We present an analysis of the overall publishing landscape in the period 1500-1800 based on comprehensive harmonization and joint analysis of four large bibliographic catalogs. This has allowed us to assess publishing activity beyond what is accessible by the use of national catalogs alone. In addition to the historical analysis of knowledge production trends, we are releasing the openly licensed source code for catalog harmonization, and a notable improved version of the Finnish national bibliography, Fennica. This code and data release demonstrate the potential of our approach for research use of library catalogs, and the essential role that data harmonization and integration plays in this process.
The work directly addresses multiple aspects that are relevant to the CCQ journal in general, and the special issue on national bibliographies in particular. This work demonstrates how comprehensive data harmonization is essential for accurate and useful data retrieval tasks and relevant for the overall usability of the catalogue information, and how the available classification and subject analyses, geographical information, and other data can be utilized, augmented, enriched and validated based on auxiliary information sources.information sources, such as digital maps for instance.

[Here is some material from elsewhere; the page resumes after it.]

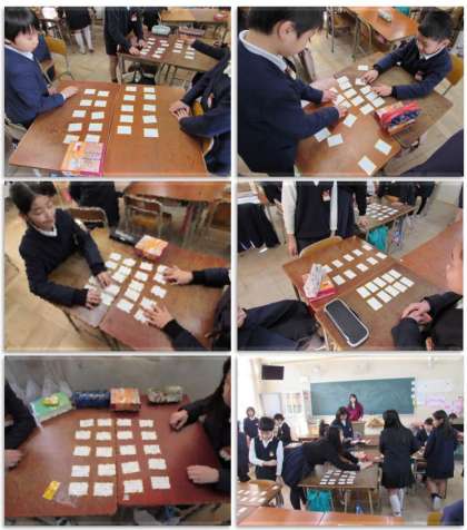 4年生の国語の学習です。百人一首大会を行っています。1対1で、真剣勝負です。上の句だけを聞いて取ることができる札が、ずいぶんと増えました。

Integration of national bibliographies, special collections, and archives is relevant for international aspects of digital cataloging. As such the work highlights specific bottlenecks and shortcomings in the available cataloging and classification information, and can therefore provide relevant information for education, training, and management of cataloguing. Finally, we demonstrate how bibliographic catalog records can be used as a digital research resource, rather than a mere information retrieval tool.